Rheology of colloidal microphases in a model with competing interactions

TL;DR

This study investigates how different microphase structures in colloidal systems respond to shear, revealing distinct yielding behaviors for clusters, stripes, and crystals with bubbles through simulations.

Contribution

It provides a detailed analysis of the rheological response of various colloidal microphases under shear, highlighting the influence of microphase type on yielding mechanisms.

Findings

Clusters shear easily along layers with rotational assistance.

Parallel stripes shear smoothly; perpendicular stripes jam and reorient.
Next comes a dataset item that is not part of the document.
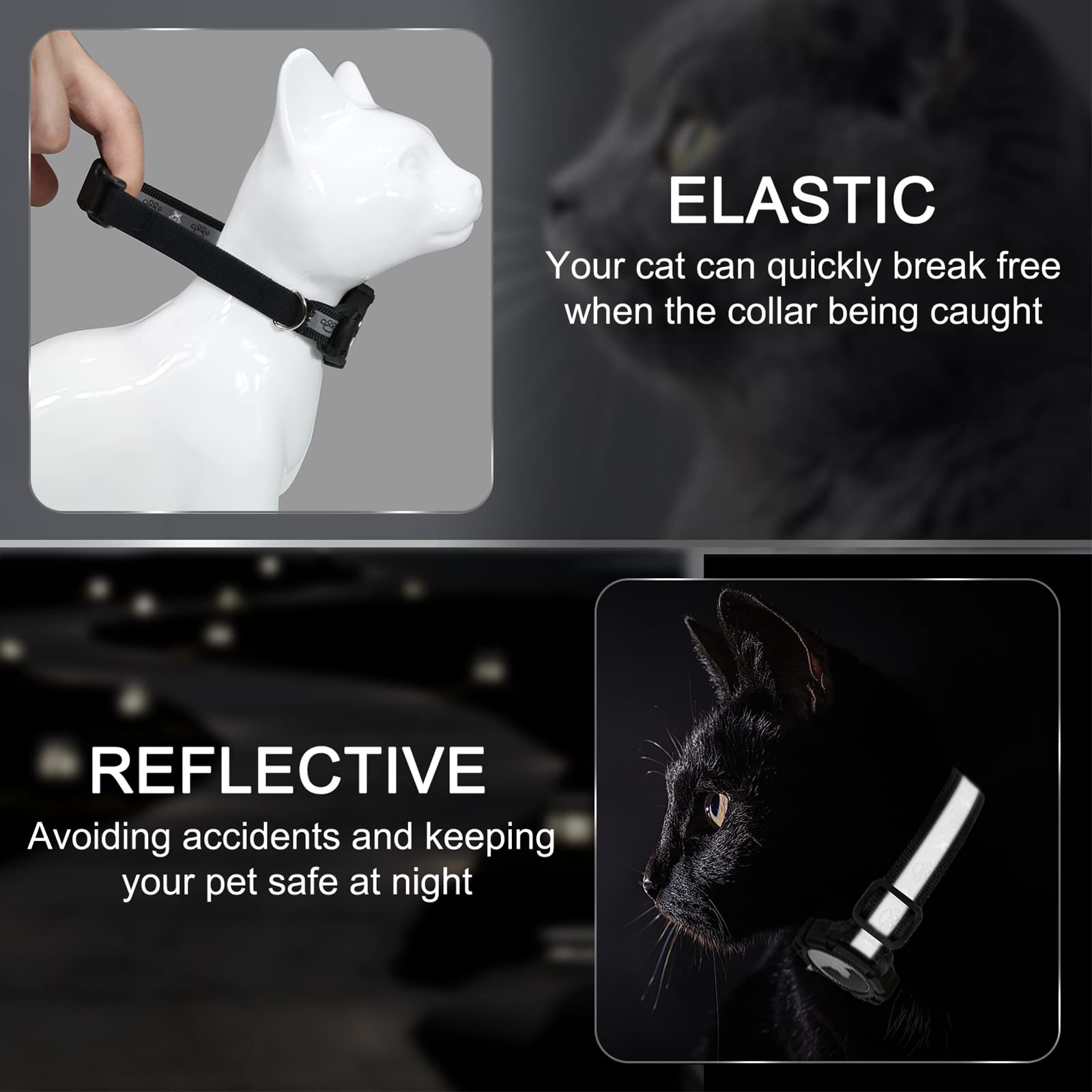 - [ELASTIC & REFLECTIVE] Cat AirTag collar adds elastic strap, make sure that your cat can quickly break free when a foreign object is caught in the neck. In addition, AirTag collar has two reflective strips, you can easily find your cat at night.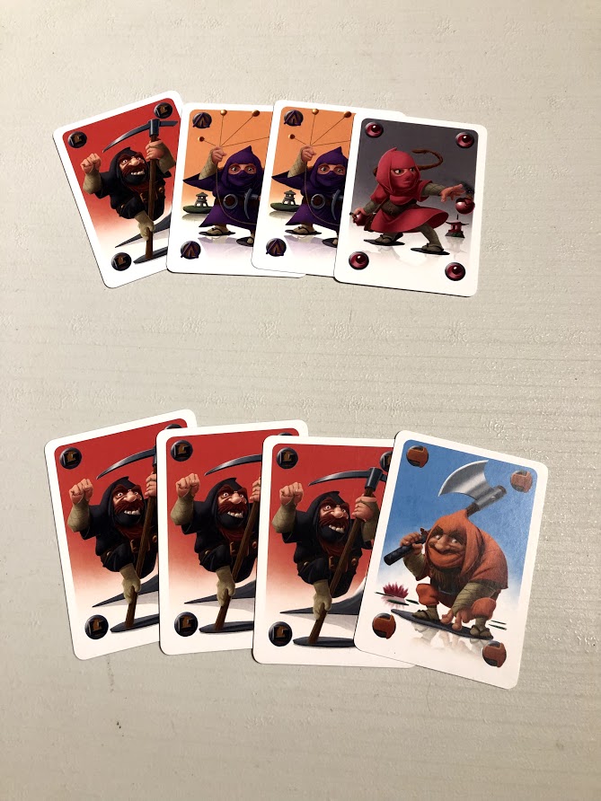 – A eux deux, une équipe réunit 4 cartes de la même couleur, et tape sur le Gong en « criant » Ninjaaa ! Ceux-ci révèlent alors leurs cartes, ils obtiendront le jeton de la couleur correspondante (voir exemple à droite, ils prendront alors un jeton rouge).

Crystals with bubbles fracture and form stripes under shear.

Abstract

We study the rheological properties of colloidal microphases in two dimensions simulating a model of colloidal particles with competing interactions. Due to the competition between short-range attraction and long-range repulsion, as a function of the density the model exhibits a variety of microphases such as clusters, stripes or crystals with bubbles. We prepare the system in a confined microphase employing Monte-Carlo simulations and then quench the system at T=0. The resulting configurations are then sheared by applying a drag force profile. We integrate numerically the equation of motion for the particles and analyze the dynamics as a function of the density and the applied strain rate. We measure the stress-strain curves and characterize the yielding of the colloidal microphases. The results depend on the type of microphase: (i) clusters are easily sheared along layers and the relative motion is assisted by rotations. (ii) Stripes shear easily when they are parallel to the flow and tend to jam when are perpendicular to it. Under a sufficiently strong shear rate perpendicular stripes orient in the flow direction. (iii) Crystals with bubbles yield by fracturing along the bubbles and eventually forming stripes. We discuss the role of dislocations, emitted by the bubbles, in the yielding process.